By Friday afternoon, Republican House Speaker Mike Johnson confirmed he would not bring the Senate-passed bill to the floor for a vote and slammed the legislation as a “joke”.
“We’re going to do something different,” Johnson said, suggesting that the House could advance its own bill fully funding all DHS agencies for two months.
Separately, President Donald Trump signed an executive memo directing DHS to work with the White House budget director to find a way to pay TSA employees.
TSA security agents have gone without pay since the partial government shutdown began in mid-February, leading many to quit or refuse to show up for work at airports across the country.
“America’s air travel system has reached its breaking point. This is an unprecedented emergency situation,” Trump wrote in the memo, blaming the impasse on Democrats.
He estimated that nearly 500 TSA security agents have left their jobs since the partial shutdown began.
Democratic lawmakers, meanwhile, have slammed Republicans for rejecting bills that would ensure that TSA employees are paid while continuing to withhold additional funds from immigration enforcement.
A tax-and-spending bill last July earmarked nearly $170bn for immigration and border operations, in addition to normal spending for ICE and Customs and Border Patrol (CBP).
Since January, Democrats have hinged further funding for immigration efforts on the implementation of reforms, including an end to racial profiling and the clear identification of immigration agents while on duty.

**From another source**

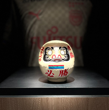 2024川崎カルチャーユニフォームデザインをイメージしたカラーリングの必勝だるまです。川崎区大師町にある、だるま店「小田切商店」にご協力いただきました。デスクなどに置いて、目を入れられるように祈願しましょう。

“We’ve been clear from day one: Democrats will fund critical homeland security functions — but we will not give a blank check to Trump’s lawless and deadly immigration militia without reforms,” Democratic Senate Minority Leader Chuck Schumer said in a statement.
Schumer added that the House bill pushed by Johnson, which has yet to pass, would be “dead on arrival” in the Senate.
Federal immigration agencies have been the subject of widespread public anger amid a campaign of aggressive immigration raids. Rights groups have accused the Trump administration of employing violence and systematically violating civil liberties in its push for mass deportation.
Tensions peaked in January when two US citizens, Alex Pretti and Renee Nicole Good, were shot and killed by federal agents in separate incidents during immigration raids in the city of Minneapolis, Minnesota.
The Trump administration sparked additional outcry after initially describing Good and Pretti as domestic terrorists, even when video footage of the incidents contradicted the government’s depiction of events.